Gated Recurrent Networks for Seizure Detection
This work addresses seizure detection for medical applications, but it is incremental as it applies existing methods to a new dataset.
The paper tackled seizure detection from EEG signals by comparing LSTM and GRU units in a hybrid CNN-RNN architecture, finding that convolutional LSTM networks with proper initialization and regularization achieved 30% sensitivity at 6 false alarms per 24 hours.

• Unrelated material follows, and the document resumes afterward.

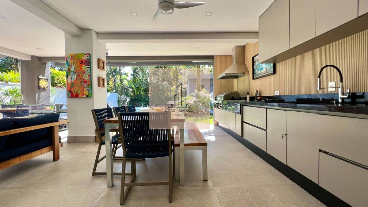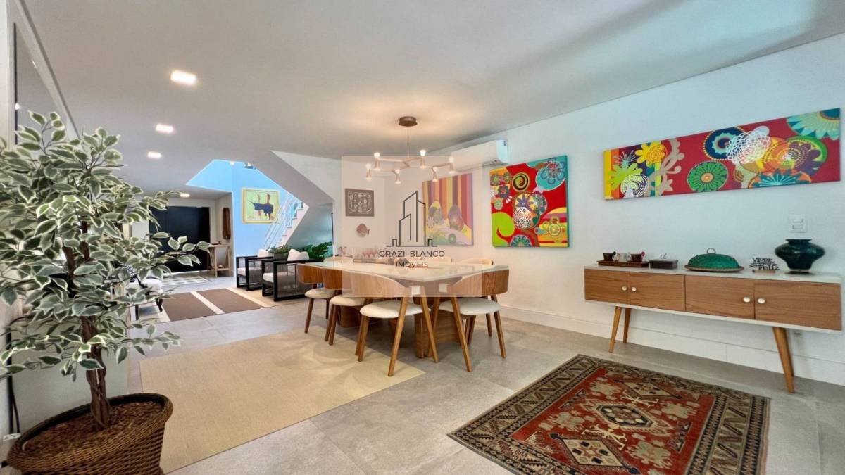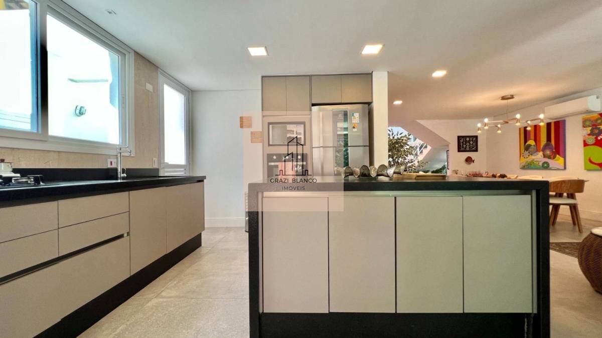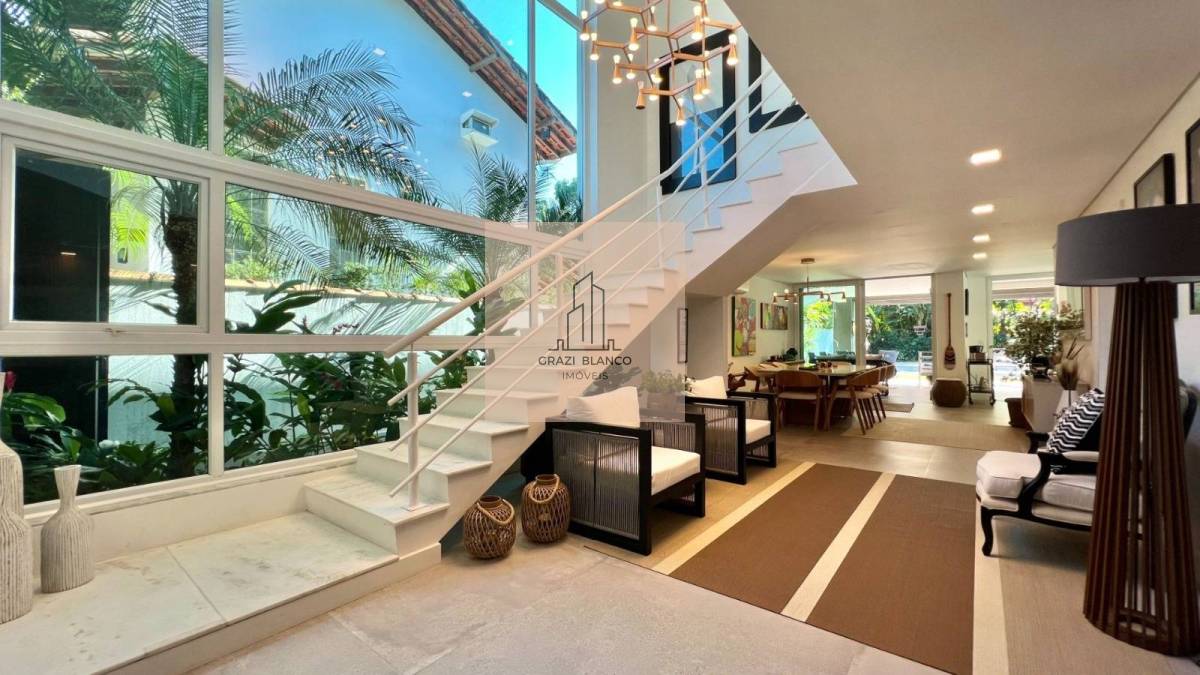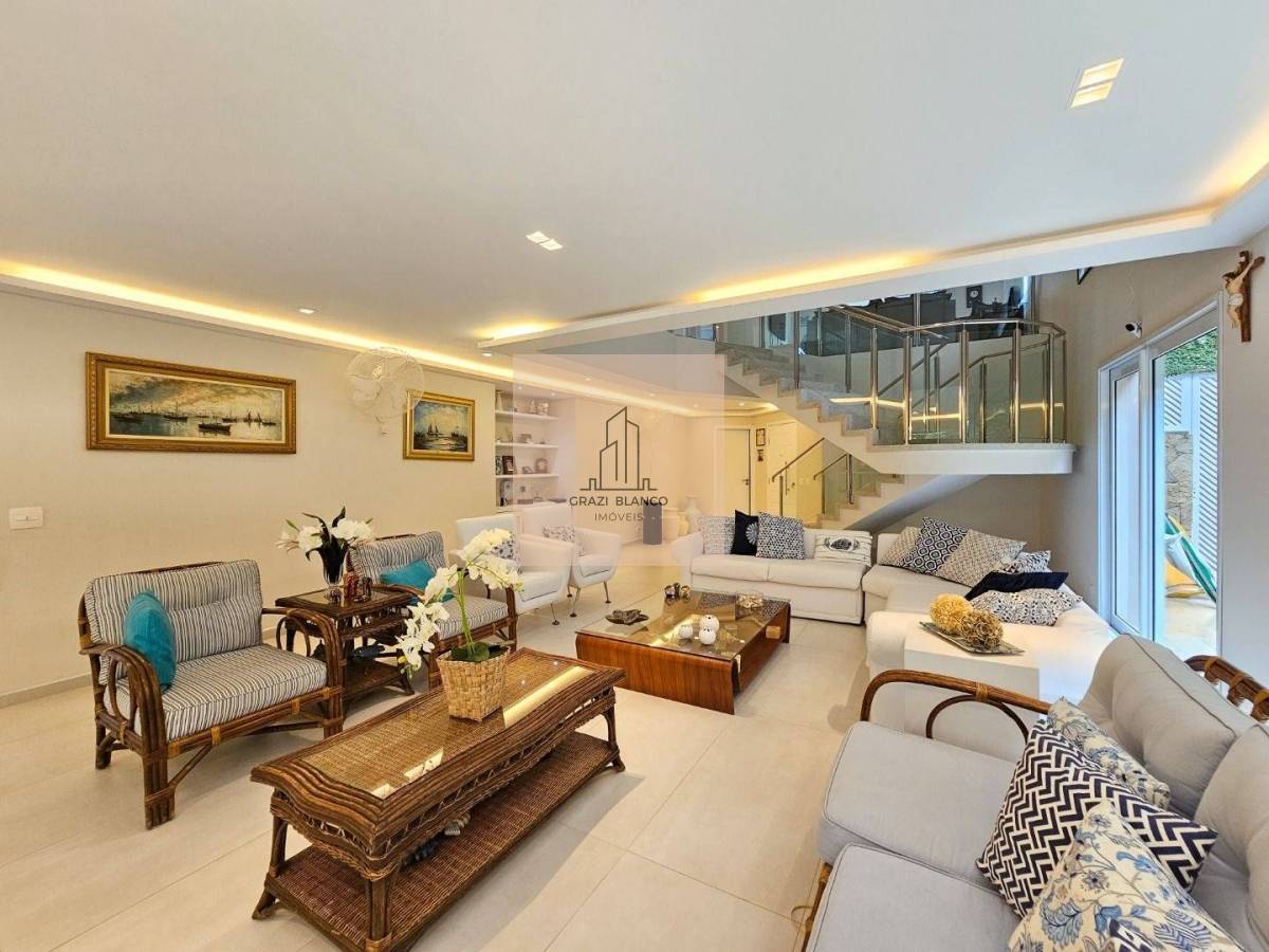 Finamente mobiliada e decorada, a moradia dividida em 2 pavimentos conta com 6 belíssimas suítes (1 delas no térreo), living para 3 ambientes, cozinha americana integrada, lavabo, área de serviço e 4 vagas de garagem.

Recurrent Neural Networks (RNNs) with sophisticated units that implement a gating mechanism have emerged as powerful technique for modeling sequential signals such as speech or electroencephalography (EEG). The latter is the focus on this paper. A significant big data resource, known as the TUH EEG Corpus (TUEEG), has recently become available for EEG research, creating a unique opportunity to evaluate these recurrent units on the task of seizure detection. In this study, we compare two types of recurrent units: long short-term memory units (LSTM) and gated recurrent units (GRU). These are evaluated using a state of the art hybrid architecture that integrates Convolutional Neural Networks (CNNs) with RNNs. We also investigate a variety of initialization methods and show that initialization is crucial since poorly initialized networks cannot be trained. Furthermore, we explore regularization of these convolutional gated recurrent networks to address the problem of overfitting. Our experiments revealed that convolutional LSTM networks can achieve significantly better performance than convolutional GRU networks. The convolutional LSTM architecture with proper initialization and regularization delivers 30% sensitivity at 6 false alarms per 24 hours.